** Opening Data for this task block **

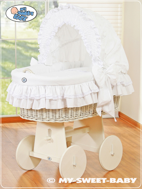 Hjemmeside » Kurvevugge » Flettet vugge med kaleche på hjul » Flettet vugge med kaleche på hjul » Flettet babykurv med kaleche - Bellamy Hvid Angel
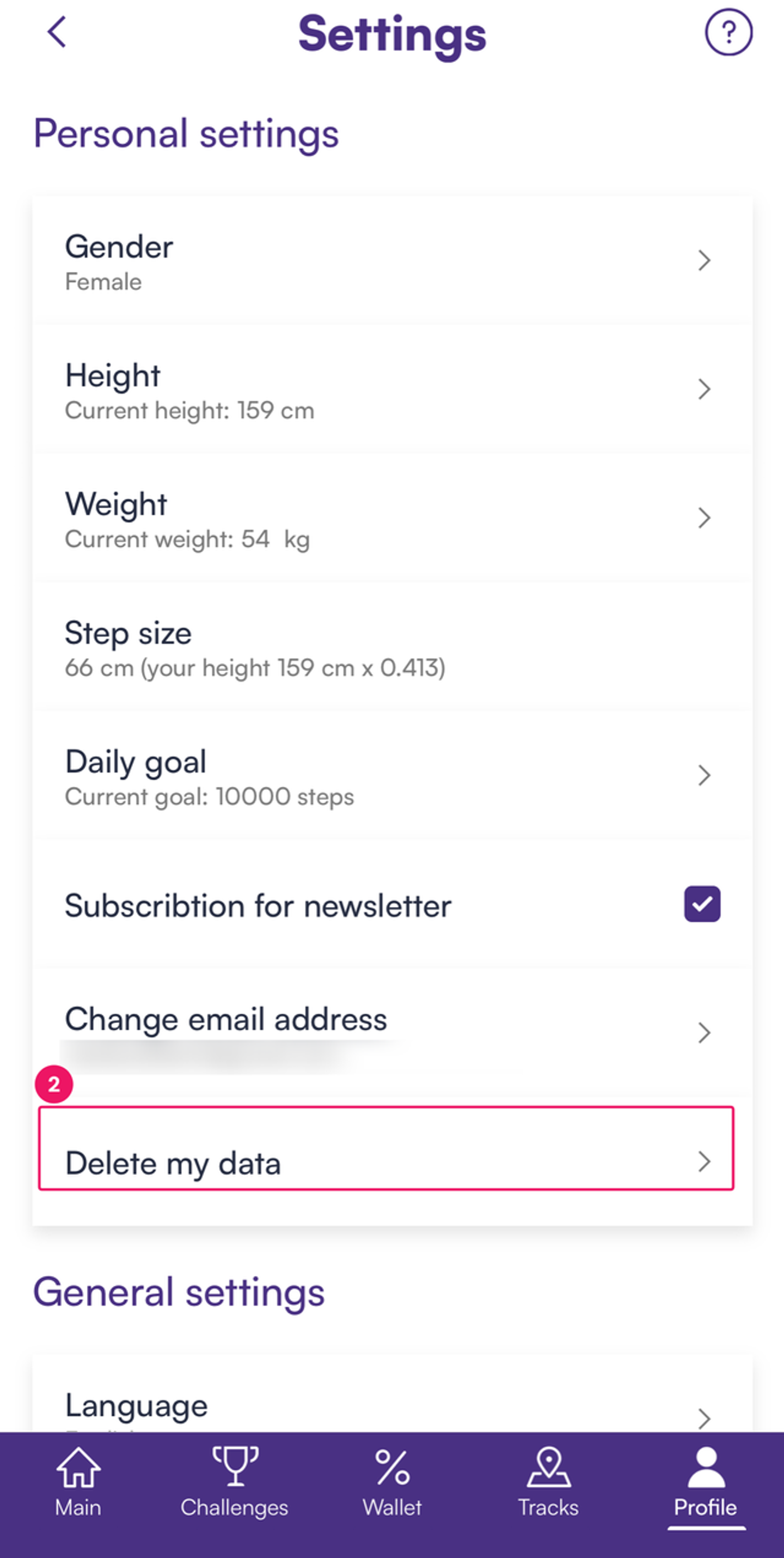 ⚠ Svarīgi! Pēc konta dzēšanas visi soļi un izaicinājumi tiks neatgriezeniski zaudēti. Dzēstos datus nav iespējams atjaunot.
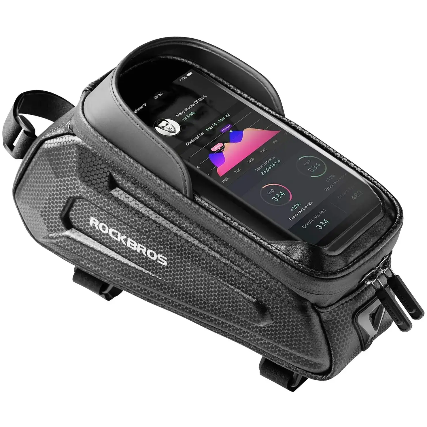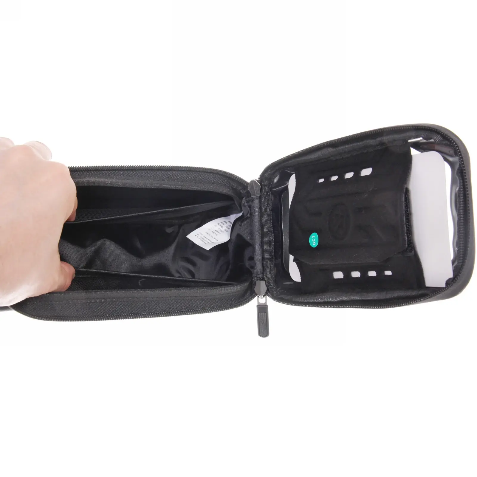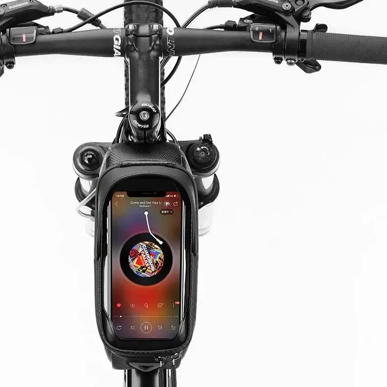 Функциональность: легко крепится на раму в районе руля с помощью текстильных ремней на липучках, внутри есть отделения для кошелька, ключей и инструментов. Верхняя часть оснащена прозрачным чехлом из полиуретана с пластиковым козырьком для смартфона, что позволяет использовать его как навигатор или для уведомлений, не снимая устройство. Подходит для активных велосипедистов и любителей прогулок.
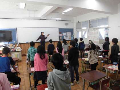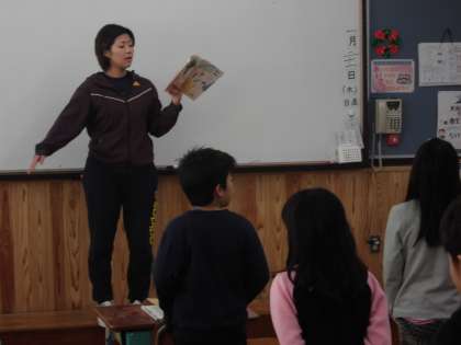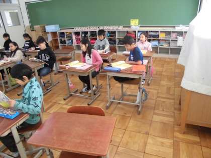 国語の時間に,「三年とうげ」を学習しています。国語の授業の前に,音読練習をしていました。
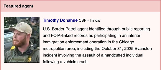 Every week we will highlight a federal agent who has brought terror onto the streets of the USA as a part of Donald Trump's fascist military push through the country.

** Closing Data for this task block **

| What is being asked |
Your answer should be every entry repeated exactly, minus the pictures.

| Solution to this problem |
 Hjemmeside » Kurvevugge » Flettet vugge med kaleche på hjul » Flettet vugge med kaleche på hjul » Flettet babykurv med kaleche - Bellamy Hvid Angel
 ⚠ Svarīgi! Pēc konta dzēšanas visi soļi un izaicinājumi tiks neatgriezeniski zaudēti. Dzēstos datus nav iespējams atjaunot.
 Функциональность: легко крепится на раму в районе руля с помощью текстильных ремней на липучках, внутри есть отделения для кошелька, ключей и инструментов. Верхняя часть оснащена прозрачным чехлом из полиуретана с пластиковым козырьком для смартфона, что позволяет использовать его как навигатор или для уведомлений, не снимая устройство. Подходит для активных велосипедистов и любителей прогулок.
 国語の時間に,「三年とうげ」を学習しています。国語の授業の前に,音読練習をしていました。
 Every week we will highlight a federal agent who has brought terror onto the streets of the USA as a part of Donald Trump's fascist military push through the country.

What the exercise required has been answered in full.